LysandreJik · 2020-09-03T10:42:25Z

This is due to the CDN caching files, with a 24 hour delay. After 24 hours it should download your file, but if you want it now you can use the use_cdn flag and set it to False. You can see the documentation for this here.

stas00 · 2020-09-04T00:51:49Z

Thank you for the hint, @LysandreJik. So from_pretrained(mname, use_cdn=False)

But that might be tricky for end users who won't know that the code base has changed yet the model weights they get are out sync.

Is there a way to signal CDN to invalidate the cache for some files? It could then be done from the upload util.

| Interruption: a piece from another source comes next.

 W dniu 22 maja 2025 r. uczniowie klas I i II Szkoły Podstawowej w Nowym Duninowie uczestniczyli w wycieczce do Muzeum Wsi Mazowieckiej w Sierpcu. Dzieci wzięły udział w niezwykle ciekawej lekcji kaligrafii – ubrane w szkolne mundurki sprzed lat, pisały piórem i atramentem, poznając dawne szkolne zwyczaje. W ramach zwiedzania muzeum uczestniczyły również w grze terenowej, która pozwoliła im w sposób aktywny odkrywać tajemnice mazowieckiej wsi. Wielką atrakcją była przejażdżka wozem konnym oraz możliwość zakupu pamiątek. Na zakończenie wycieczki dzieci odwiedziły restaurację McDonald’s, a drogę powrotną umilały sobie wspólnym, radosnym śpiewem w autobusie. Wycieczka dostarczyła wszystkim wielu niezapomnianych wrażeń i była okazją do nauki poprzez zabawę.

stas00 · 2020-09-04T01:04:27Z

FWIW, I wrote a one liner to force cache update for the 4 models I'm working at the moment.

PYTHONPATH="src" python -c 'from transformers import AutoModel; [AutoModel.from_pretrained("stas/fsmt-wmt19-"+p, use_cdn=False) for p in ["en-ru","ru-en","en-de","de-en"]]'

I now have that in my script, so I don't need to think about it.

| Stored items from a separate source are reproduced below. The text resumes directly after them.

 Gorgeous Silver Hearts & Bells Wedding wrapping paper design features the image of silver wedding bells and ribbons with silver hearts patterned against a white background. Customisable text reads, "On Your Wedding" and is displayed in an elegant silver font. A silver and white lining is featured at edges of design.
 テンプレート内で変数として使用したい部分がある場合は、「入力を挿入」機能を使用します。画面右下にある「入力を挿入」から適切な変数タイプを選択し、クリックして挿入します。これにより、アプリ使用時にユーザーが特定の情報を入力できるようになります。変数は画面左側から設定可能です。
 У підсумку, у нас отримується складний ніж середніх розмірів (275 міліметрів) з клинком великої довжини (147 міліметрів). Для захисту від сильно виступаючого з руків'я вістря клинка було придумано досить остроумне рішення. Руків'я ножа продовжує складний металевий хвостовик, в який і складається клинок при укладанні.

stas00 · 2020-09-04T18:50:02Z

@LysandreJik, unfortunately this doesn't solve the issue

AutoModel.from_pretrained(mname, use_cdn=False)

Indeed forces a download of the recently updated model - but then if this flag is no longer used in the application - it still downloads the CDN cached version and ends up using the wrong version.

So, basically, this results in 2 copies (different hashes) sitting in the cache dir.

And normal usage w/o using use_cdn=False looks up the old version and not the new one. (so things like run_eval.py still use the old one)

Thanks.

julien-c · 2020-09-04T20:01:36Z

can you run AutoModel.from_pretrained(mname, use_cdn=False) in a debugger and check whether the downloaded url is a https://cdn.huggingface.co or a https://s3.amazonaws.com/models.huggingface.co url?

stas00 · 2020-09-04T20:08:48Z

I can do that, but I already checked that it downloads the updated model w/ use_cdn=False. But then if you run it again w/o use_cdn=False it ignores the new download and uses the old model again (if I delete the cached version, it redownloads the old cached version w/o use_cdn=False ).

julien-c · 2020-09-04T20:15:07Z

Oh yeah ok, I see. Can you run_eval.py on a local folder path then?

stas00 · 2020-09-04T20:17:17Z

Can you run_eval.py on a local folder path then?

Yes. Except others can't as they don't have my local copy.

e.g. @sshleifer wants to eval my PR #6940, but now has to wait till tomorrow for CDN to expire (or hack around it).

Last night I uploaded an experimental model, which proved to be invalid, thought I re-downloaded it OK as it was working OK and made a PR, except I was testing against the non-current cached version, which was a good one.

stas00 · 2020-09-06T02:57:23Z

Can we please re-open this ticket? It hasn't been resolved

julien-c · 2020-09-07T21:33:26Z

Can we add a --no_cdn boolean flag to run_eval.py that would then call AutoModelForSeq2SeqLM.from_pretrained(use_cdn=False)?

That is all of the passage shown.